Good old Europe?

Dirk Arning

Wer die Nachrichtenlage der vergangenen Zeit zusammenfassen möchte, kommt nicht umhin festzustellen, dass sich die Globalisierung stark verlangsamt hat, sich teilweise sogar umkehrt. Europa sei der Verlierer dieser Entwicklung, ist häufig zu hören. Unsere Aktienstrategie ist aber weiterhin stark auf europäische Aktien ausgerichtet. Ist das noch grundsätzlich richtig? Wo liegen die Chancen für europäische Unternehmen in dieser sich verändernden Welt?

Noch vor wenigen Jahren haben viele europäische Unternehmen ihr Heil in einer stärkeren Internationalisierung gesucht, vor allem im Wachstumsmarkt China. Aber inzwischen macht sich Europa Gedanken um seine Abhängigkeiten: Militärisch abhängig von den USA, wirtschaftlich von Rohstoffimporten, Lieferketten und Absatzmärkten in Übersee. Gleichzeitig schotten sich die einst attraktiven Absatzmärkte USA und China zunehmend gegen Einfuhren ab. Europa muss sich selbst der offenen Bedrohung durch Russland erwehren, darf nicht mit Rohstoffimporten erpressbar sein und seine Lieferketten weniger angreifbar machen. „Onshoring“, also die strategische Rückverlagerung oder Ansiedlung von Produktions- oder Dienstleistungsaktivitäten aus dem Ausland zurück nach Europa, dürfte ein Trend der kommenden Jahre sein. Europa wird sich in dieser neuen Weltordnung stärker auf sich selbst fokussieren. Der EU-Binnenmarkt ist der größte wirklich funktionierende Binnenmarkt der Welt: Er umfasst rund 450 Millionen Konsumenten in den 27 EU-Mitgliedstaaten sowie Island, Liechtenstein, Norwegen und der Schweiz und ist damit größer als die USA. Zudem schädigt Trump mit seinen zahlreichen Eingriffen in die Märkte und seiner isolationistischen Politik auf Dauer die US-Volkswirtschaft, statt sie zu stärken. Zwar dürften auch in Europa die Eingriffe in die Märkte eher zu- als abnehmen, häufig aber wohl mit dem Ziel, das „Onshoring“ zu fördern. Bei europäischen Konzernen mit hohen Investitionen in China wie BASF und Volkswagen sehen wir Risiken, zumal China nicht mehr der stark wachsende Absatzmarkt ist, sondern zunehmend ein Konkurrent.

Potenzielle Gewinner sind vielmehr Unternehmen, die auf dem großen europäischen Binnenmarkt erfolgreich sind.
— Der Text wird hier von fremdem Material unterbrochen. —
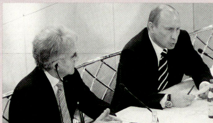
Der verdienstvolle Organisator und Gastgeber Prof. Dr. h.c. Horst Teltschik (links), ehemals Berater von Kanzler Kohl, und der russische Präsident Wladimir Putin, ehemals Angehöriger des KGB.

Ein Beispiel dafür ist die Finanzbranche: Europäische Banken und Versicherungen sind außerhalb Europas eher wenig aktiv, haben aber umgekehrt in Europa wenig Konkurrenz von außerhalb. Schon seit einigen Jahren sind wir beispielsweise in Société Générale, SCOR, AXA und ASR Nederland investiert und haben es nicht bereut.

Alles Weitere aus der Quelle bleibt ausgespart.